_What you need to do_.
Where a picture appears, leave it out; copy everything else in the records exactly.

----------

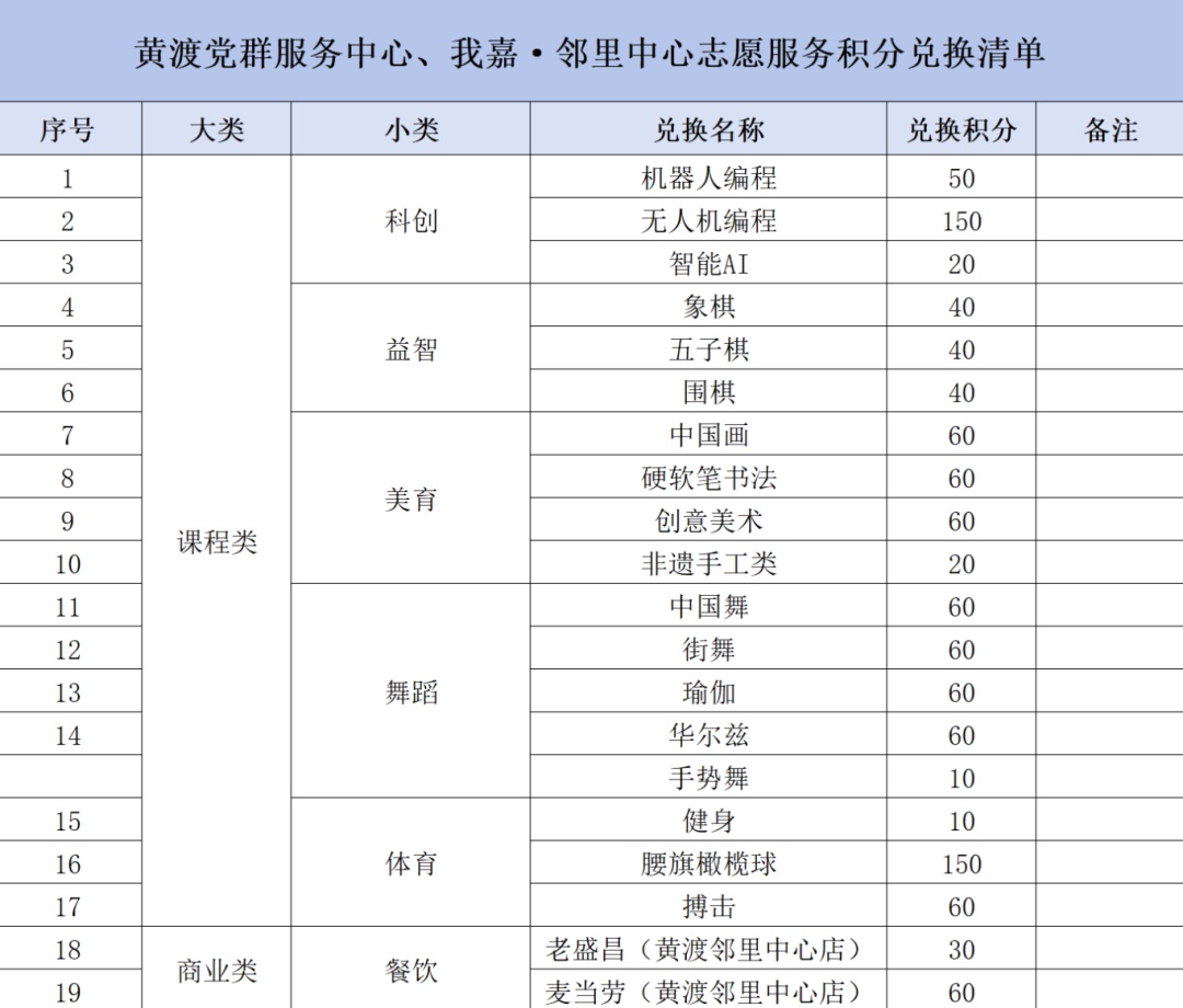 近日,安亭镇黄渡党群服务中心(我嘉·邻里中心)推出志愿服务积分制度,居民参与志愿活动可累计积分,用于兑换课程、商铺优惠券或商品。
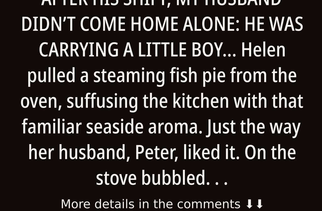 AFTER HIS SHIFT, MY HUSBAND DIDNT COME HOME ALONE: HE WAS CARRYING A LITTLE BOY Helen pulled a steaming fish...
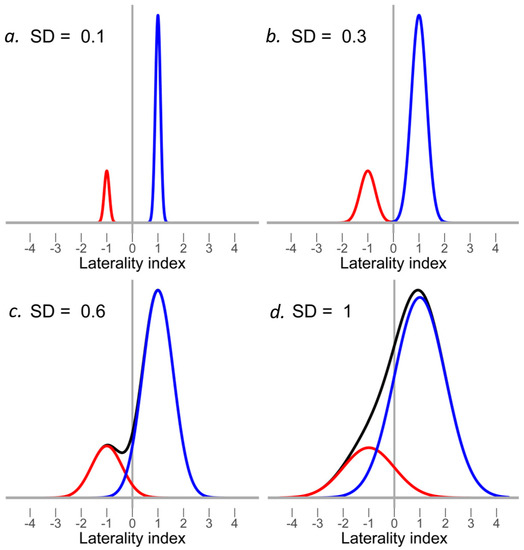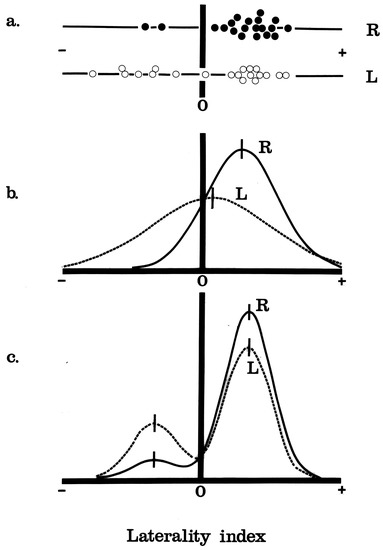 27]. The results were expressed as correlations of raw laterality indices, so the number of independent combinations is unclear, but the data are clearly multivariate and do not fit a ‘unitary theory’.
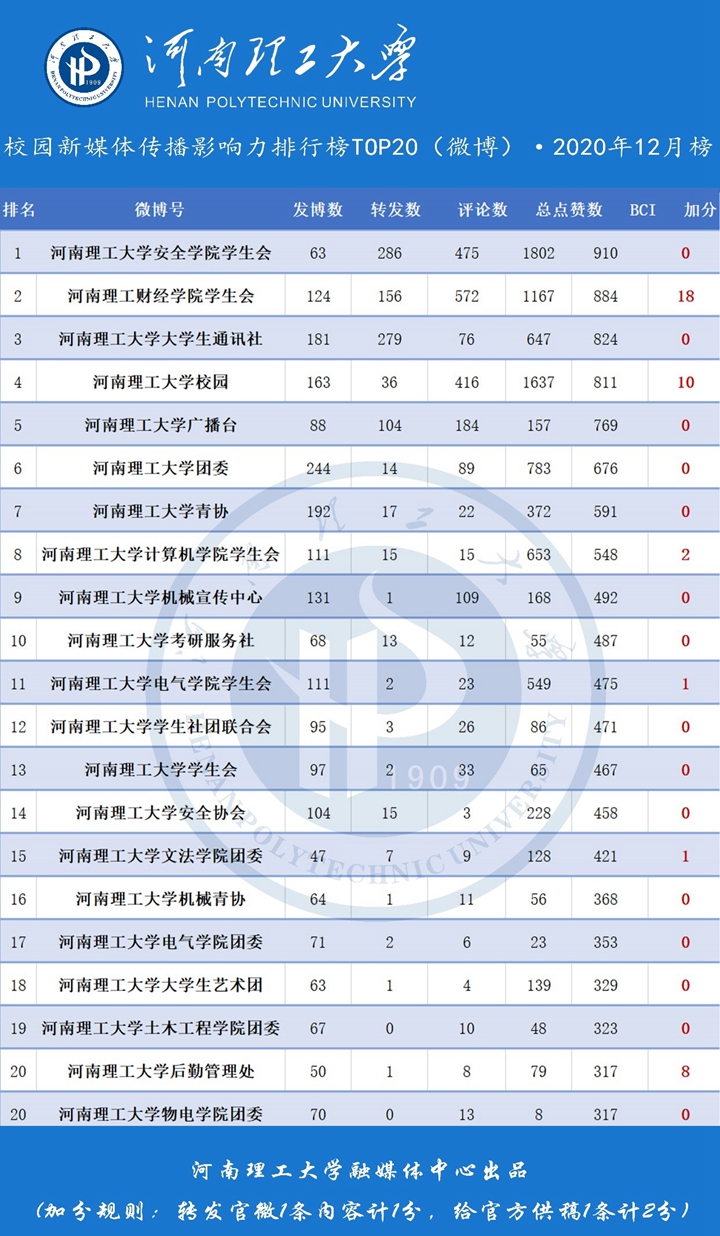 本网讯(通讯员 冯向红 薛浩宇)12月,河南理工大学官方微博在全省高校排名第4位,全国第17位;官方微信在全省高校排名第5位,全国第70位。
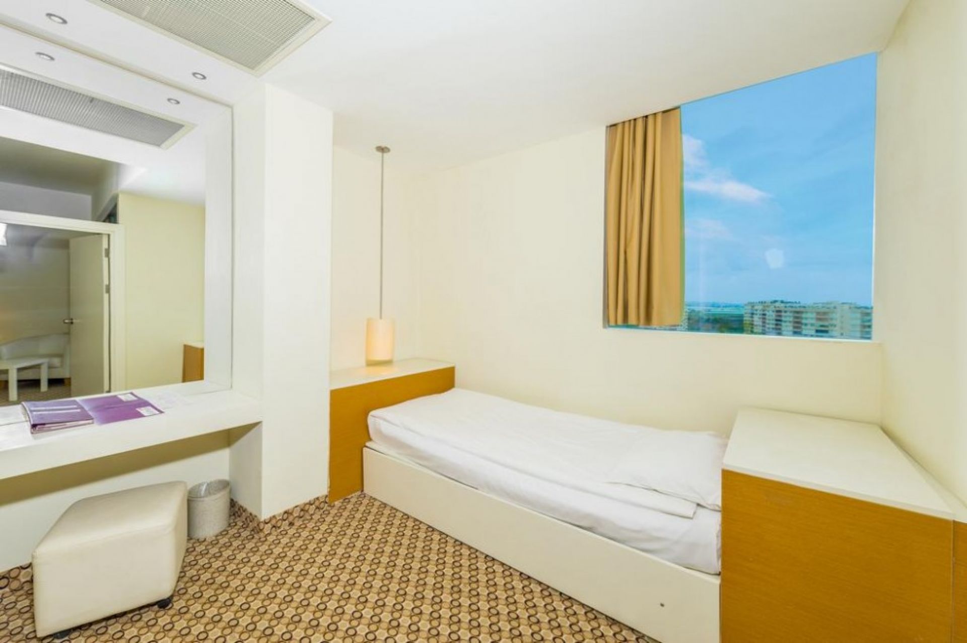 Хотелът разполага с общо 400 стаи, разположени в една 8-етажна сграда Main Building, от които 304 стандартни стаи Standard room (изглед суша или море - 28 м2), 96 Junior Suite Room (2 стаи свързани с врата - 35 м2). Всички стаи са оборудвани с климатик, телевизор, телефон, баня с душ/вана, сешоар, интернет (безплатен), минибар (безплатен), сет за кафе/чай, сейф (безплатен). Почистване на стаите и смяна на кърпи и спално бельо - ежедневно.

----------

_Result_.
 近日,安亭镇黄渡党群服务中心(我嘉·邻里中心)推出志愿服务积分制度,居民参与志愿活动可累计积分,用于兑换课程、商铺优惠券或商品。
 AFTER HIS SHIFT, MY HUSBAND DIDNT COME HOME ALONE: HE WAS CARRYING A LITTLE BOY Helen pulled a steaming fish...
 27]. The results were expressed as correlations of raw laterality indices, so the number of independent combinations is unclear, but the data are clearly multivariate and do not fit a ‘unitary theory’.
 本网讯(通讯员 冯向红 薛浩宇)12月,河南理工大学官方微博在全省高校排名第4位,全国第17位;官方微信在全省高校排名第5位,全国第70位。
 Хотелът разполага с общо 400 стаи, разположени в една 8-етажна сграда Main Building, от които 304 стандартни стаи Standard room (изглед суша или море - 28 м2), 96 Junior Suite Room (2 стаи свързани с врата - 35 м2). Всички стаи са оборудвани с климатик, телевизор, телефон, баня с душ/вана, сешоар, интернет (безплатен), минибар (безплатен), сет за кафе/чай, сейф (безплатен). Почистване на стаите и смяна на кърпи и спално бельо - ежедневно.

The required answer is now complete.